TV: Is it still ‘a vast wasteland’?
Even Newton Minow agrees that TV is much better now than it was in 1961.
Fifty years ago this week, Newton Minow delivered one of the “most electrifying speeches ever given by a bureaucrat,” said Aaron Barnhart in The Kansas City Star. The newly named head of the Federal Communications Commission boldly told a convention of the National Association of Broadcasters that the television shows they’d produced were a waste of the public airwaves. The two-word phrase he used to describe television’s landscape of Westerns, private-eye mysteries, formulaic comedies, and game shows—a “vast wasteland”—has since joined the cultural lexicon as “shorthand for bad TV.” And half a century later, said James Warren in The New York Times, Minow’s “excoriation” still has power. The medium has certainly evolved since 1961, but is it any better?
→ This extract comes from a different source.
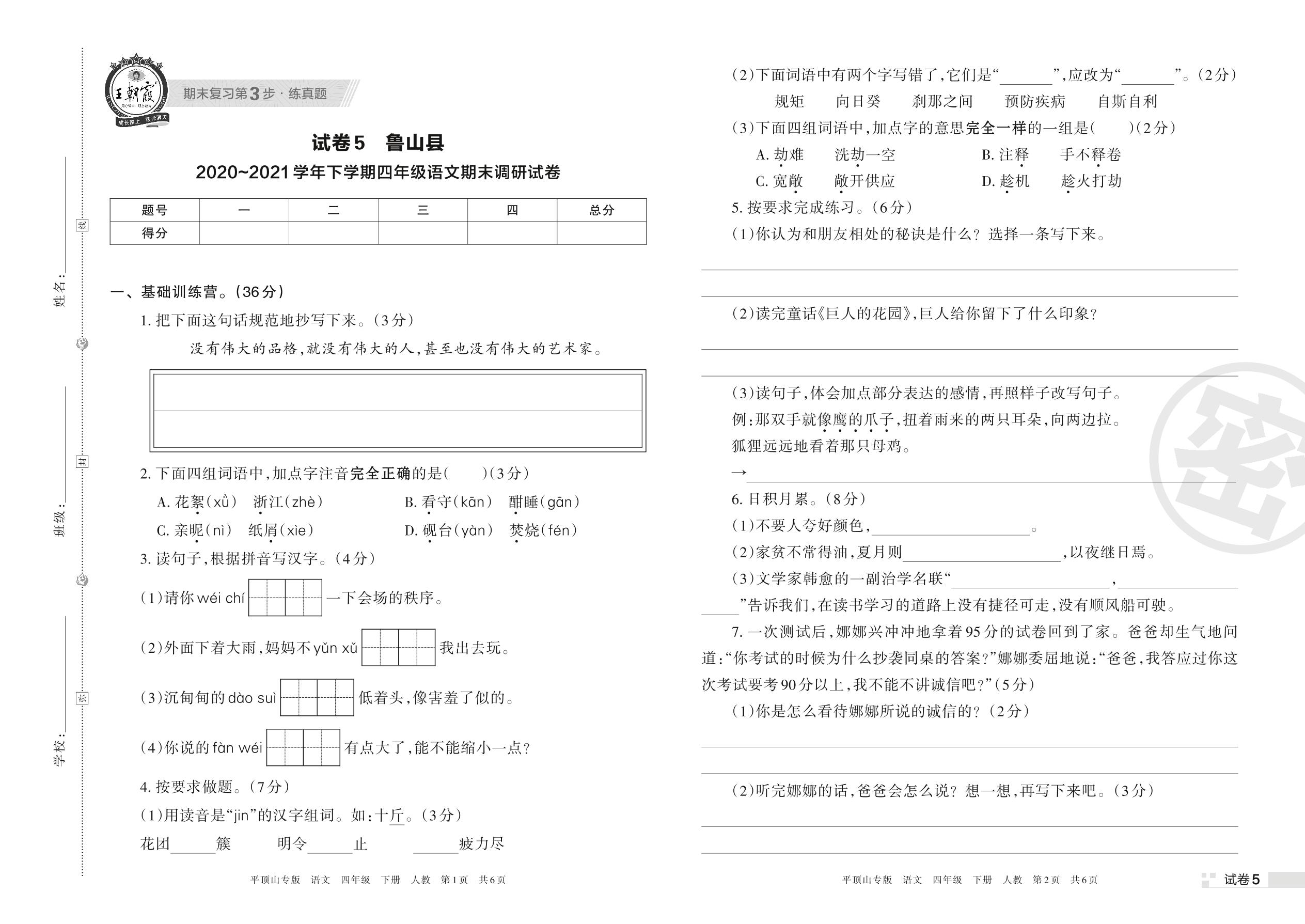 鲁山县2020~2021学年下学期四年级语文期末调研试卷(人教版)【5】

Yes, it is, said Newton Minow in the Chicago Tribune. There’s still plenty of junk on TV, but the medium is now “far vaster than we could have imagined in 1961,” and much of what’s now available has “far exceeded my most ambitious dreams.” Whereas TV was once purely an “entertainment medium” catering to the lowest common denominator, we now have dozens of channels offering quality news and entertainment programming, such as CNN, PBS, HBO, Showtime, and A&E. Thanks to cable, we’re in an “era of choice,” said Tim Brooks in Advertising Age. When Minow denounced TV, there were only three networks, with “little room for experimentation or nonmainstream programming.” Now, with the click of a remote, the average viewer can select from a world of options—from “lowbrow” reality TV like American Idol to intelligent drama like Mad Men to brilliant comedy like South Park. You can’t call a medium “tailored to so many tastes” a wasteland.
Give Minow’s famous critique some credit for that, says Virginia Heffernan in The New York Times. Some broadcasters decided to “prove him wrong,” and they created the nightly news programs, 60 Minutes, and PBS, with its lineup of Sesame Street and Frontline. Other broadcasters chose to show high-minded elitists that TV could be both popular and of high quality. Thanks to their efforts, we’ve had “golden age after golden age” of TV: from Cheers to The Office; from Hill Street Blues to The Wire; from M*A*S*H to The Sopranos. Minow’s smackdown of TV, in other words, “may be the best thing that ever happened to it.”